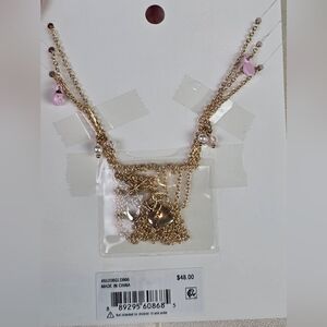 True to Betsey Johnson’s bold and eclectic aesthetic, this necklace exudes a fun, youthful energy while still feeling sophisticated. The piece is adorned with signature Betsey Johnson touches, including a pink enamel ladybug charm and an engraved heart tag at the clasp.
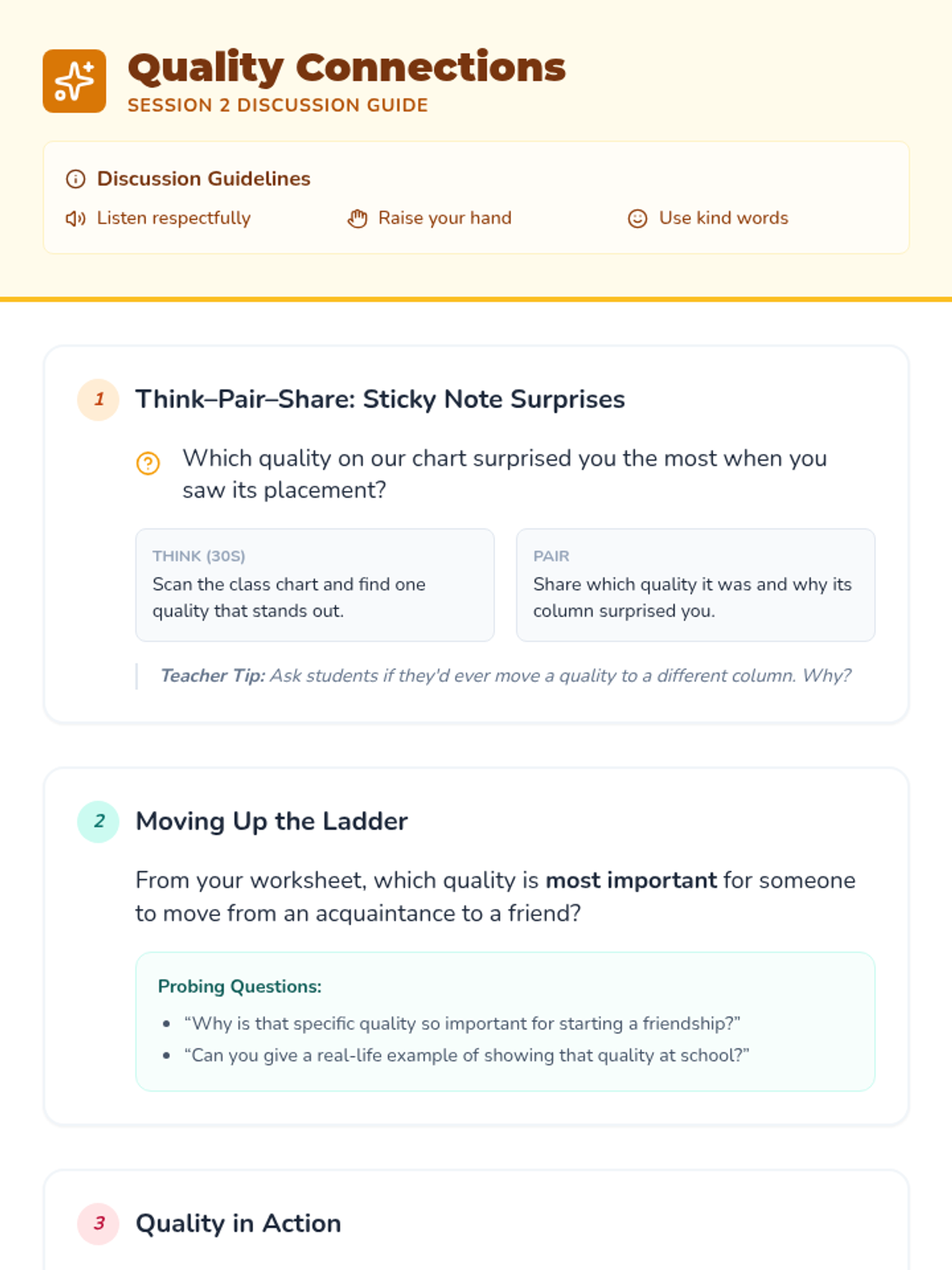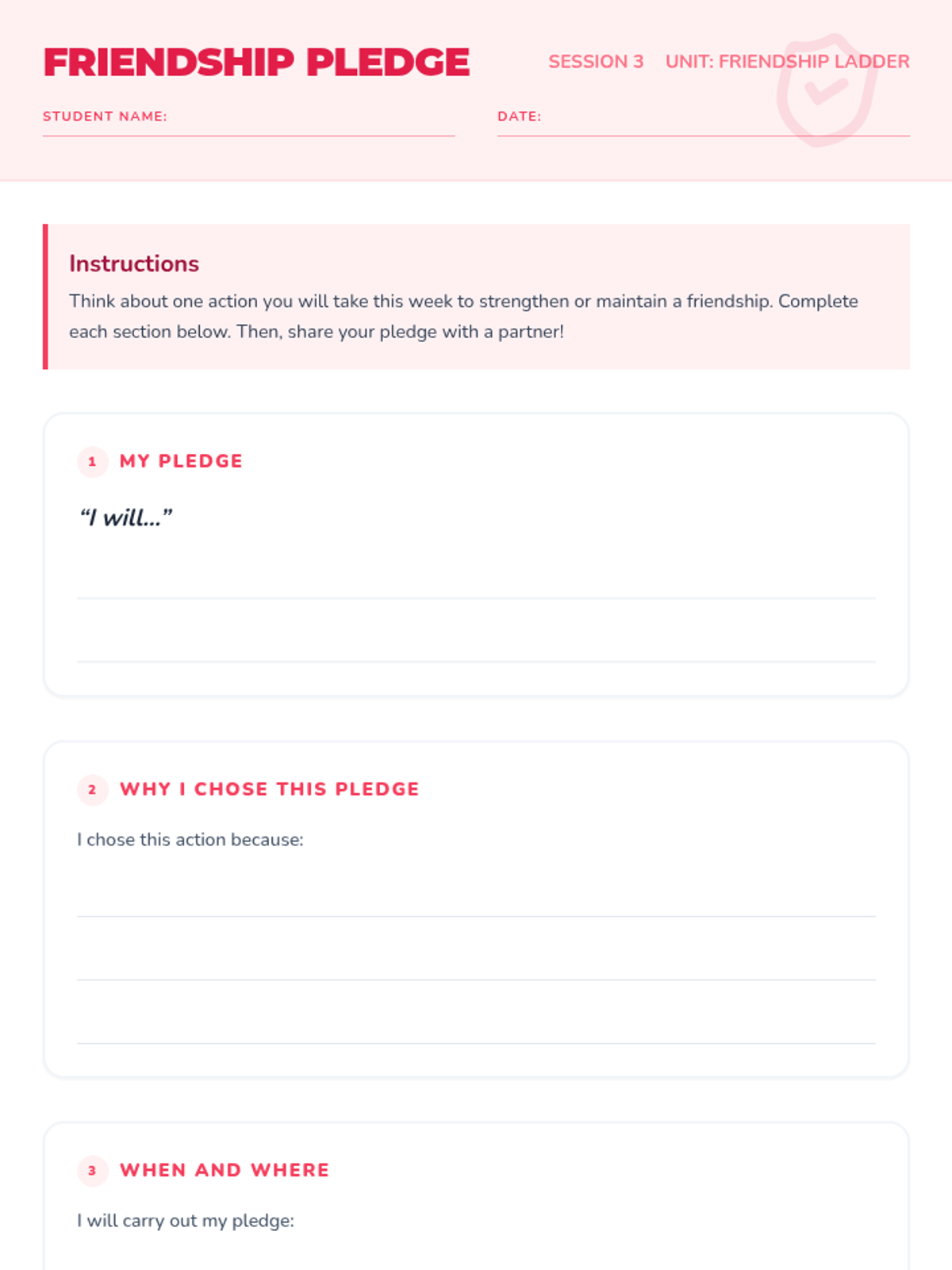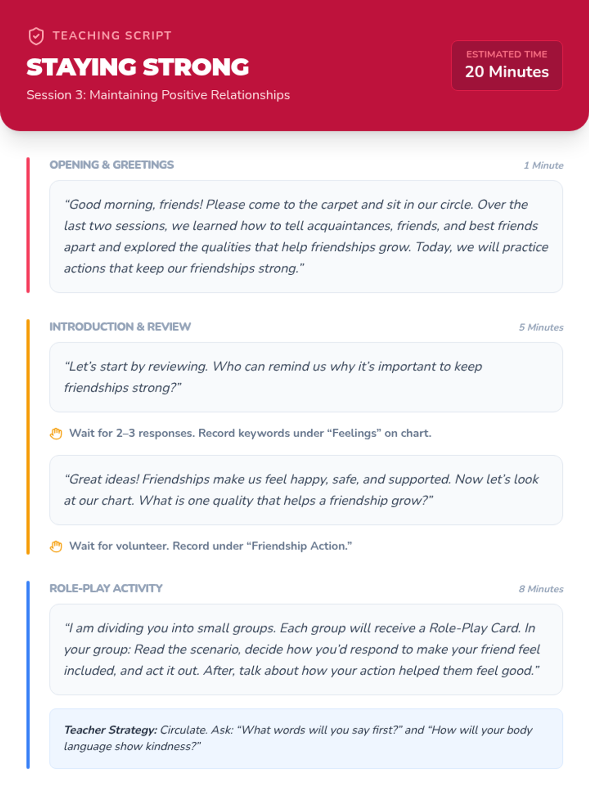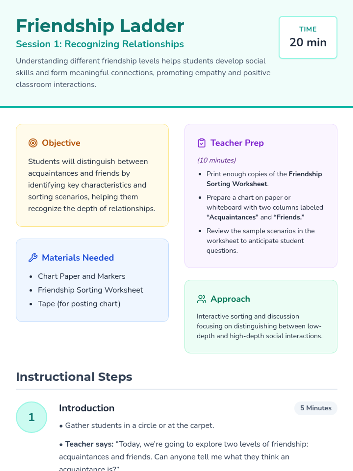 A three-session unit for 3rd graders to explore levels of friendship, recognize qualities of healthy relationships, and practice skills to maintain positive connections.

...

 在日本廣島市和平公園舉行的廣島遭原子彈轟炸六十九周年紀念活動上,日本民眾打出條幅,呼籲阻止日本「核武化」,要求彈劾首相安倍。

Task requirements: Between and including the line above that contains "True to Betsey" and the line that contains "A three-session unit", restate every line word for word. Pictures stay out.

Task response:
 True to Betsey Johnson’s bold and eclectic aesthetic, this necklace exudes a fun, youthful energy while still feeling sophisticated. The piece is adorned with signature Betsey Johnson touches, including a pink enamel ladybug charm and an engraved heart tag at the clasp.
 A three-session unit for 3rd graders to explore levels of friendship, recognize qualities of healthy relationships, and practice skills to maintain positive connections.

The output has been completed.